SIGINT is the name of the interrupt signal. It can be sent to a process using 
the command "kill -s INT <pid>", where "<pid>" would be the process ID of the 
top-level LDM server.

The top(1) utility lists running processes sorted by CPU usage. Because the LDM 
processes use very little CPU, a better way of determining if they're running 
is to use the ps(1) utility. For example, "ps -ef | grep noaaportIngester".

While logging onto the system in question during an episode would be useful, I 
might be able to spot problems by just general browsing.

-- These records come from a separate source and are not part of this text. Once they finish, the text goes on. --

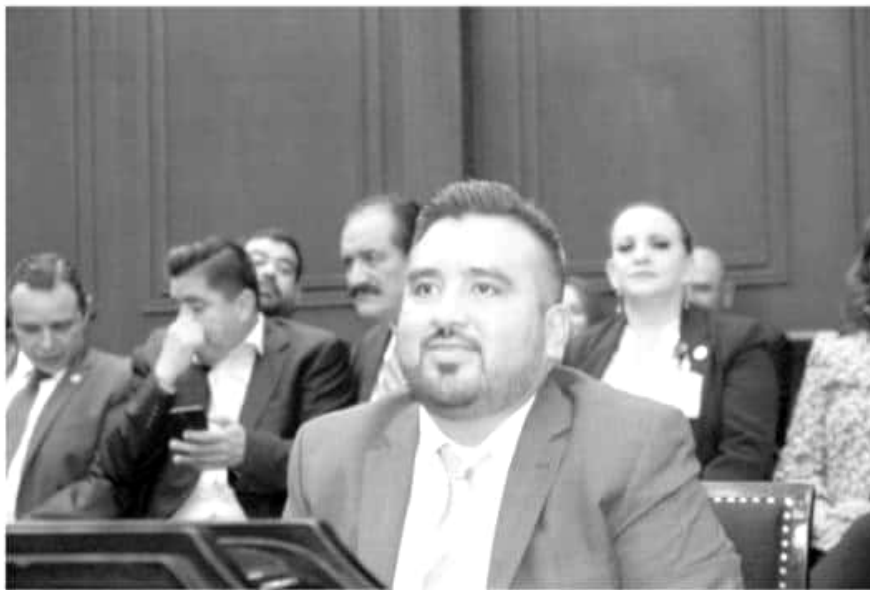
Erik Juárez Blanquet, presidente de la Comisión de Puntos Constitucionales en el Congreso del Estado.

En nuestro estado existe una discrecionalidad en la asignación de sueldos, lo que deriva en falta de criterios claros que establezcan un sistema de percepciones adecuado a la realidad económica y a las finanzas públicas de Michoacán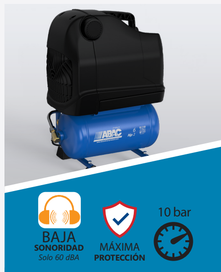
START OSS 20P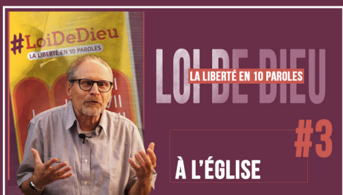
#3 "A L'EGLISE"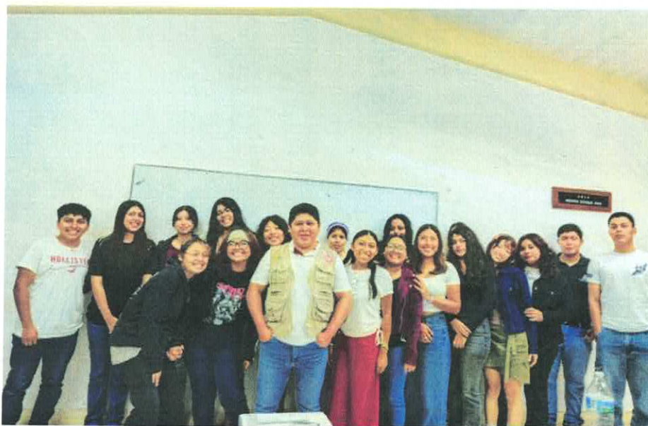
Imagen 2. Plática de sensibilización ambiental "Conociendo la Vida de un Manatí", impartida a estudiantes de la Universidad Pedagógica Nacional, Unidad 231 Chetumal.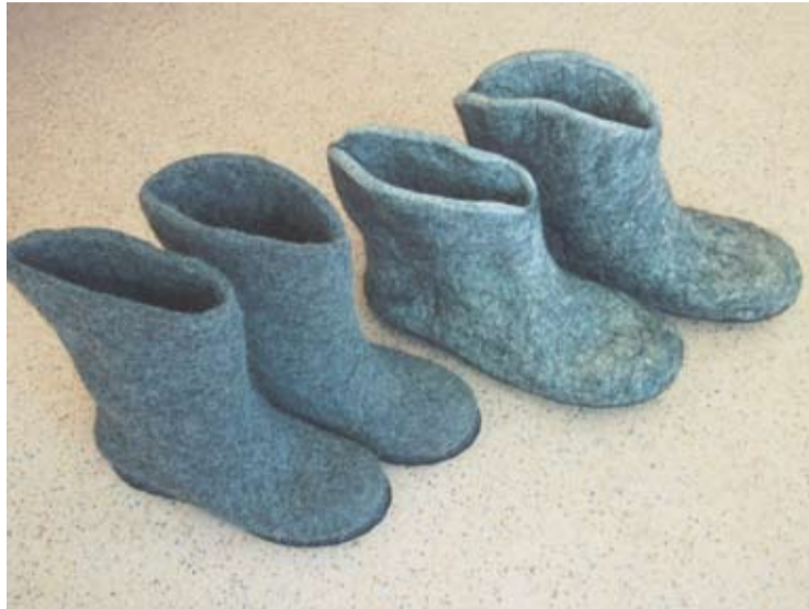
Šilti ir patogūs klasikiniai veltinukai.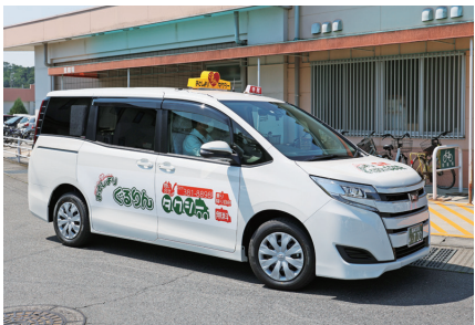
おとしよりぐるりんタクシー

質問 高崎354複合産業団地の整備の目的は。また、市場の南にある流通センター運動広場の今後の扱いは。 答弁 高崎スマートインターチェンジ産業団地に続き、さらなる企業の誘致を図り、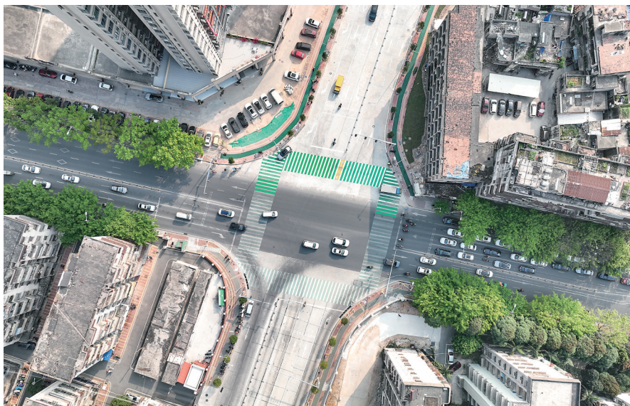
▲大园三路余段正式通车。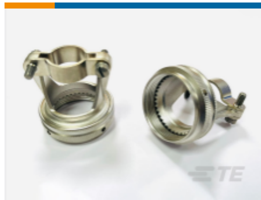
TE 产品编号1-2275011-0 ASSY,EN3660-004, SS-PA BACKSHELL, SZ28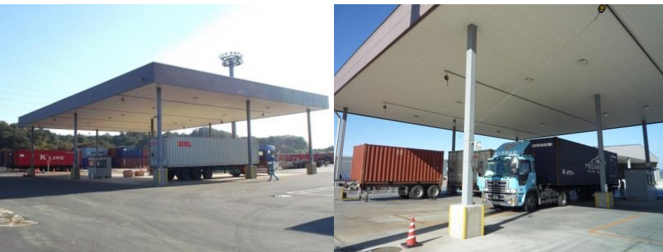
コンテナチェックゲート (IN、OUTのコンテナチェック)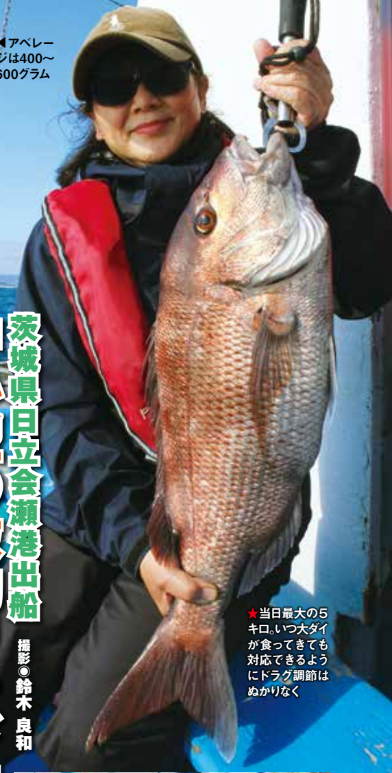
★当日最大の5 キロ。いつ大ダイ が食ってきても 対応できるように ドラグ調節は ぬかりなく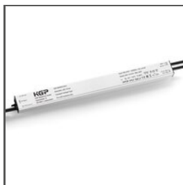
KGP XSV160W24 DALI 24V E60517-160D-24-V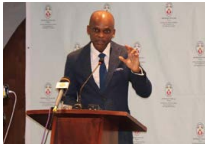
Professeur Robert Dussey

de notre pays dans la résolution de la situation sécuritaire catastrophique qui prévaut toujours dans les pays du Sahel. Le Togo ne peut même pas se permettre de rester inactif face à une telle situation, sous prétexte que notre territoire est jusqu'alors

> *Hi Steve.  See my replies in bold.*
> 
> address@hidden> wrote:
> 
> > The best ways to determine if data is flowing are "ldmadmin watch" and
> > "notifyme -vl-".
> 
> *Ok, I will try that next time it happens.*
> 
> > It can take a while to stop an LDM system. If it doesn't stop withing a
> > minute, however, then something's wrong.
> 
> *It was over 5 minutes.*
> 
> > A SIGINT sent to the top-level LDM server should stop the system quickly
> > -- at the risk of corrupting the product-queue.
> 
> *Could you elaborate...do I just type "SIGINT" in the terminal while logged
> in as ldm? Does this command effect other things?*
> 
> > I suspect that you still have noaaportIngester(1) processes running.
> 
> *If it is running, then it is not showing up in "top". *
> 
> > Would it be possible for me to log onto the system in question as the LDM
> > user?
> 
> *Perhaps...I'd have to figure out a way to setup that "join me" software.
> Would you have to do it right when it's acting up, or, would there be any
> benefit to looking around at our config when it's running well?*

Regards,
Steve Emmerson

Ticket Details
===================
Ticket ID: SAE-848662
Department: Support LDM
Priority: Normal
Status: Closed